:: TASK GOAL ::
The reply should contain all the data below, repeated exactly, and none of the images.

===============

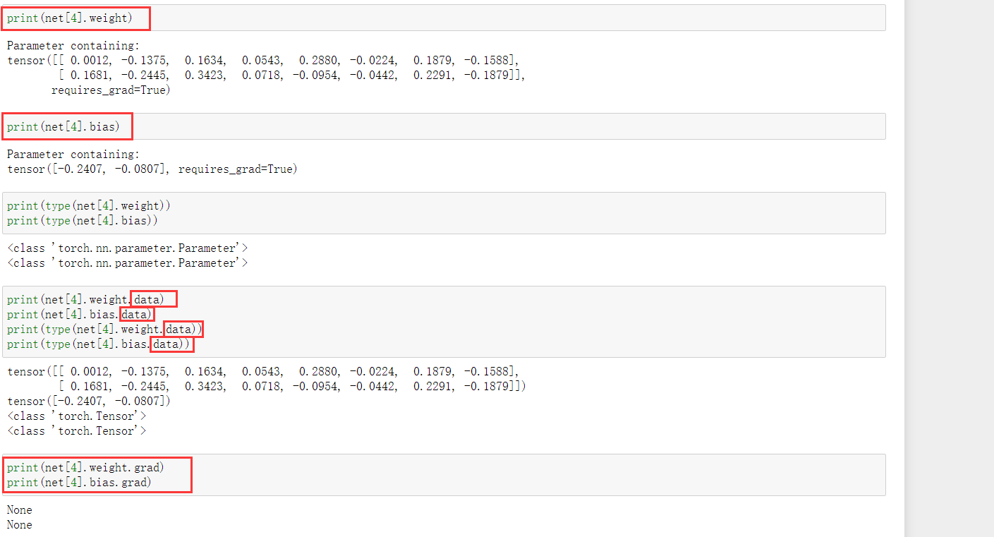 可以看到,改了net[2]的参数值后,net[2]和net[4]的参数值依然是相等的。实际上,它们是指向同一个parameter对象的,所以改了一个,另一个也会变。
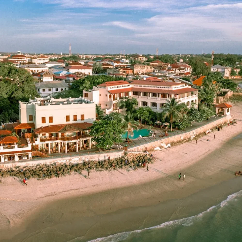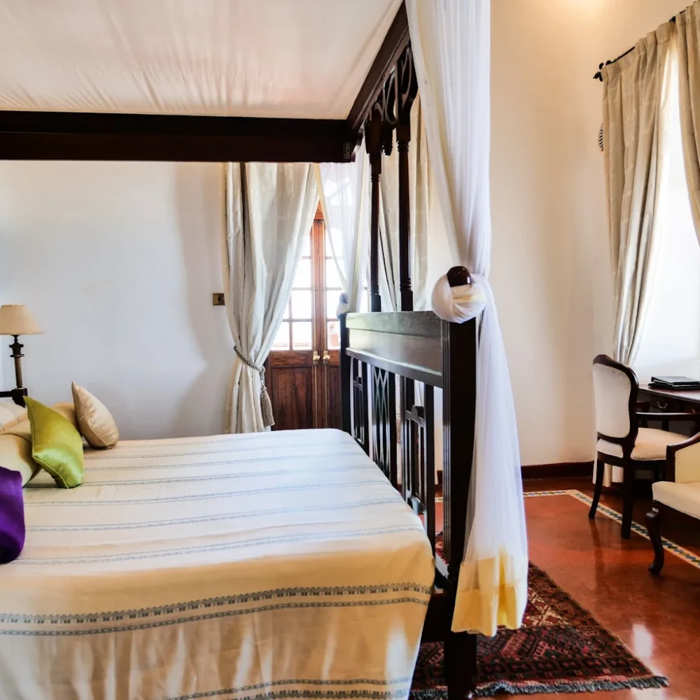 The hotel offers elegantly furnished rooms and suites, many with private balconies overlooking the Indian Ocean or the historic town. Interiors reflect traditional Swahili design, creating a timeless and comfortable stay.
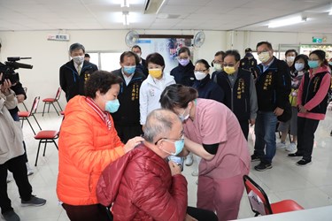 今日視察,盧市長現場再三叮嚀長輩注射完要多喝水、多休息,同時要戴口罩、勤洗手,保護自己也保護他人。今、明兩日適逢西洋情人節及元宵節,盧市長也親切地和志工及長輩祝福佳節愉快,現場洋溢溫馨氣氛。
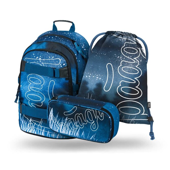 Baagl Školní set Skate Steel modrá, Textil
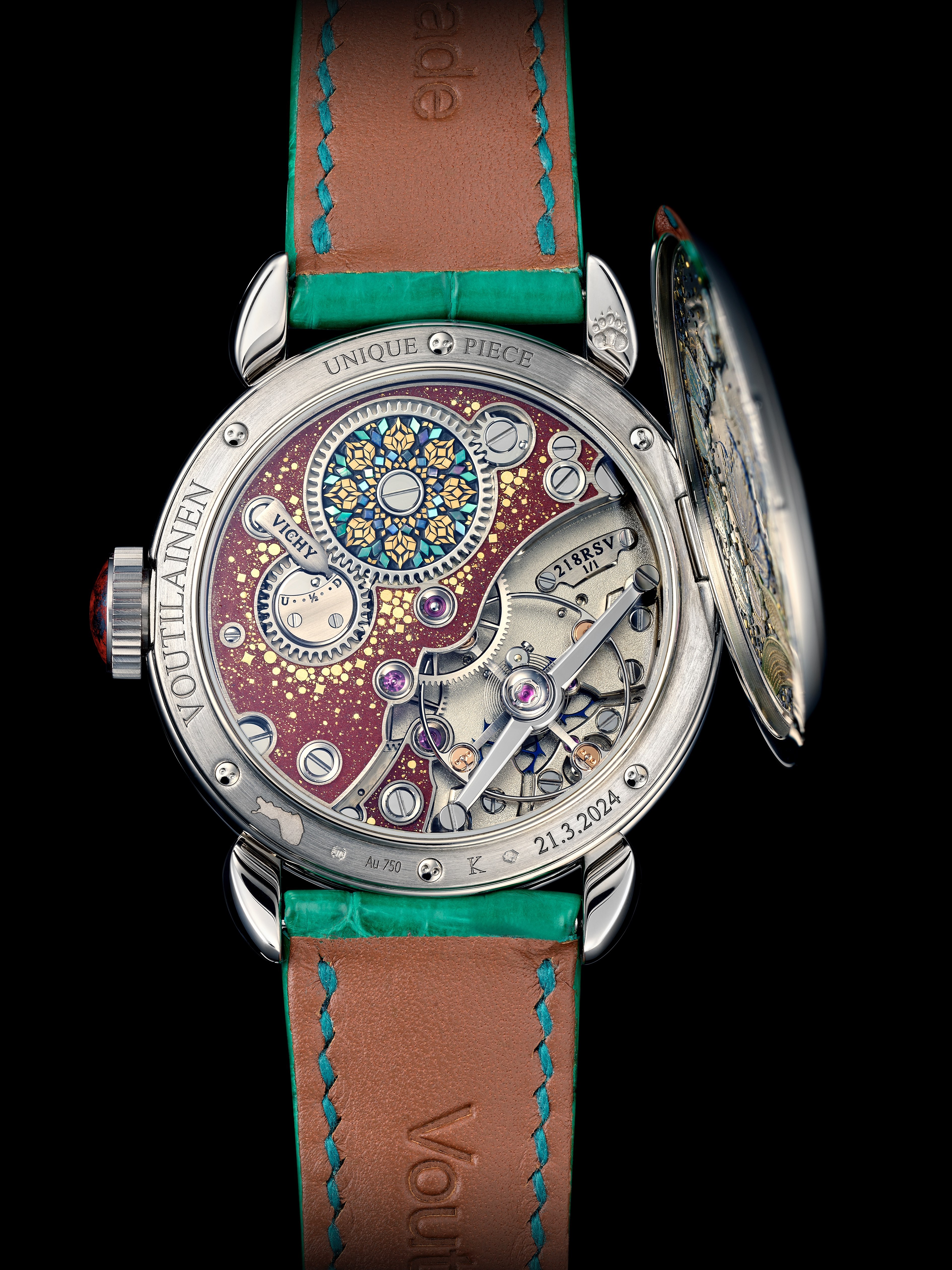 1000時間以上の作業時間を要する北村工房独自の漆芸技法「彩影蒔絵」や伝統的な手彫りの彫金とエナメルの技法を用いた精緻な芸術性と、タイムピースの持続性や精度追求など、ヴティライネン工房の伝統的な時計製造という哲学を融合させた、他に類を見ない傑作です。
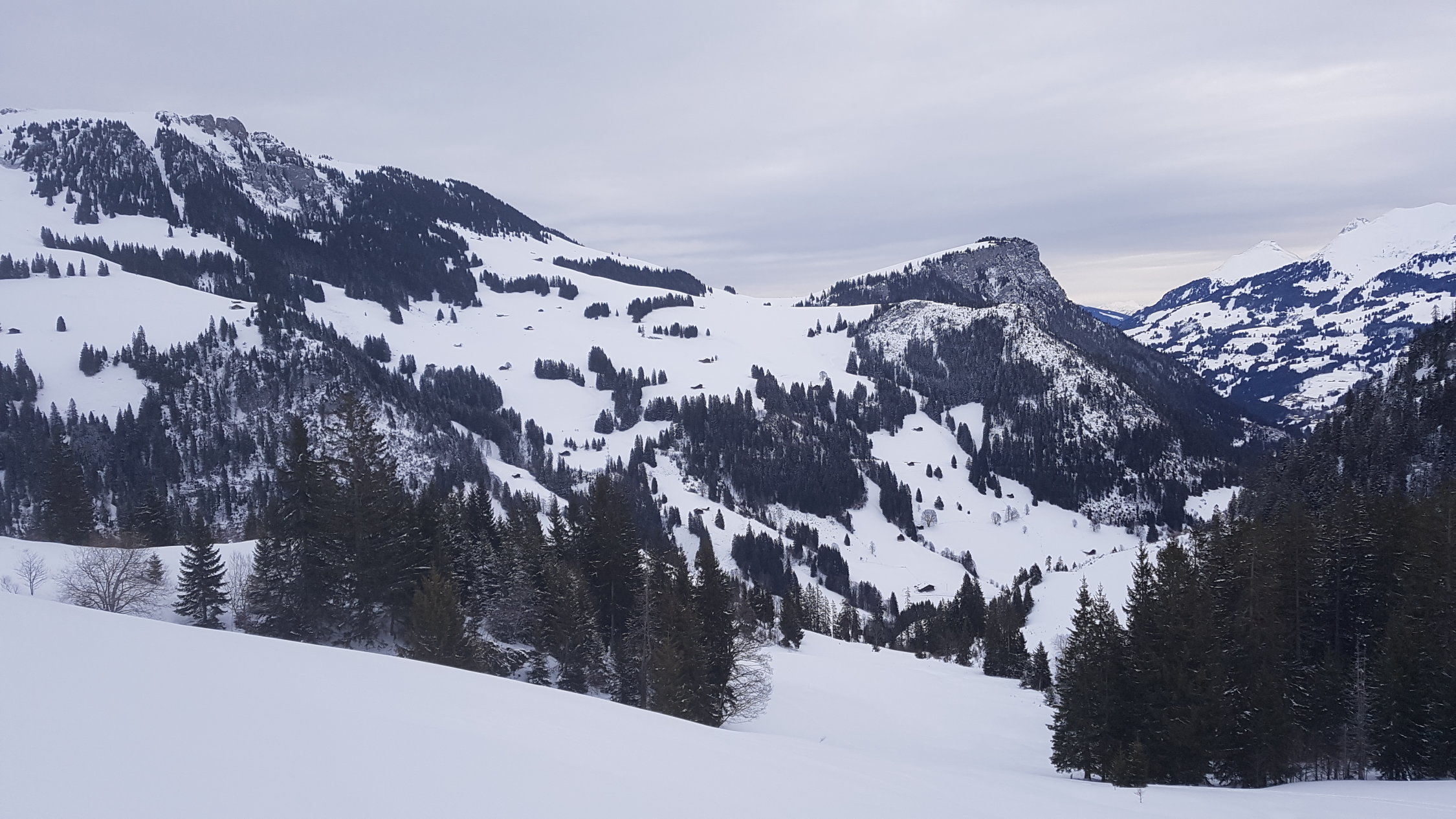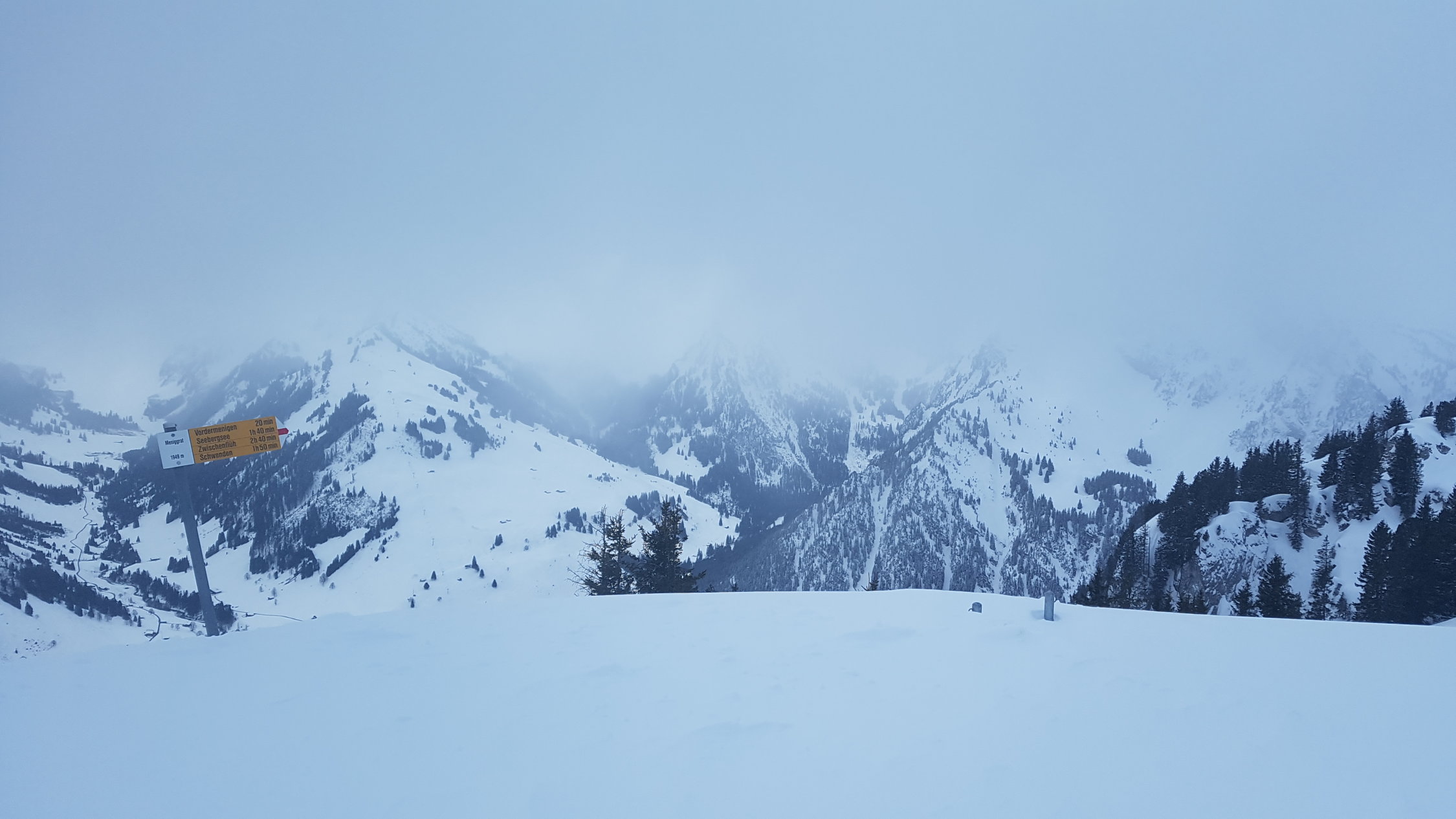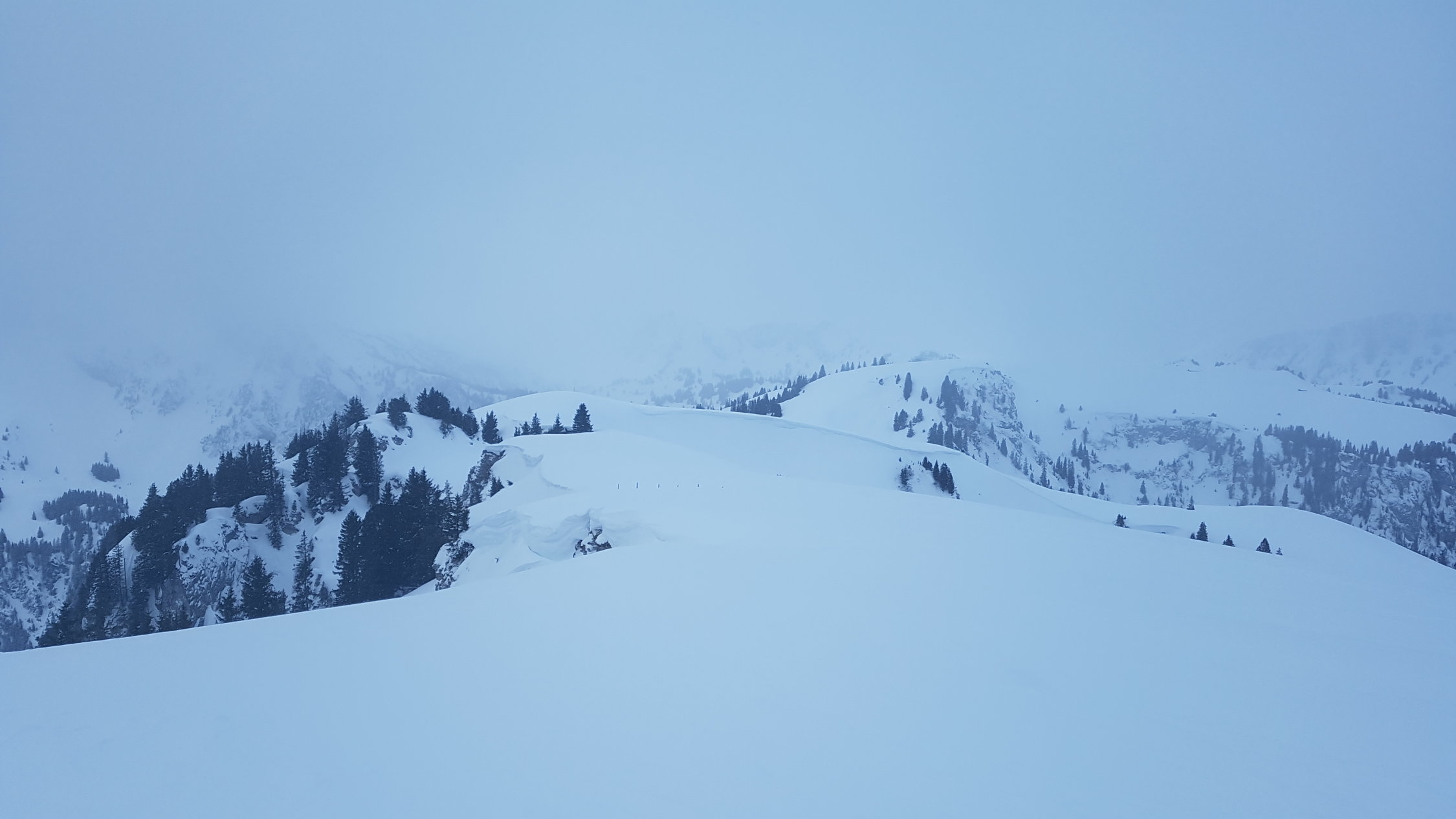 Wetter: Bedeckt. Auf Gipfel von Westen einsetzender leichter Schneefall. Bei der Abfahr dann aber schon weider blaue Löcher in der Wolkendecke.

===============

:: WRITTEN RESPONSE ::
 可以看到,改了net[2]的参数值后,net[2]和net[4]的参数值依然是相等的。实际上,它们是指向同一个parameter对象的,所以改了一个,另一个也会变。
 The hotel offers elegantly furnished rooms and suites, many with private balconies overlooking the Indian Ocean or the historic town. Interiors reflect traditional Swahili design, creating a timeless and comfortable stay.
 今日視察,盧市長現場再三叮嚀長輩注射完要多喝水、多休息,同時要戴口罩、勤洗手,保護自己也保護他人。今、明兩日適逢西洋情人節及元宵節,盧市長也親切地和志工及長輩祝福佳節愉快,現場洋溢溫馨氣氛。
 Baagl Školní set Skate Steel modrá, Textil
 1000時間以上の作業時間を要する北村工房独自の漆芸技法「彩影蒔絵」や伝統的な手彫りの彫金とエナメルの技法を用いた精緻な芸術性と、タイムピースの持続性や精度追求など、ヴティライネン工房の伝統的な時計製造という哲学を融合させた、他に類を見ない傑作です。
 Wetter: Bedeckt. Auf Gipfel von Westen einsetzender leichter Schneefall. Bei der Abfahr dann aber schon weider blaue Löcher in der Wolkendecke.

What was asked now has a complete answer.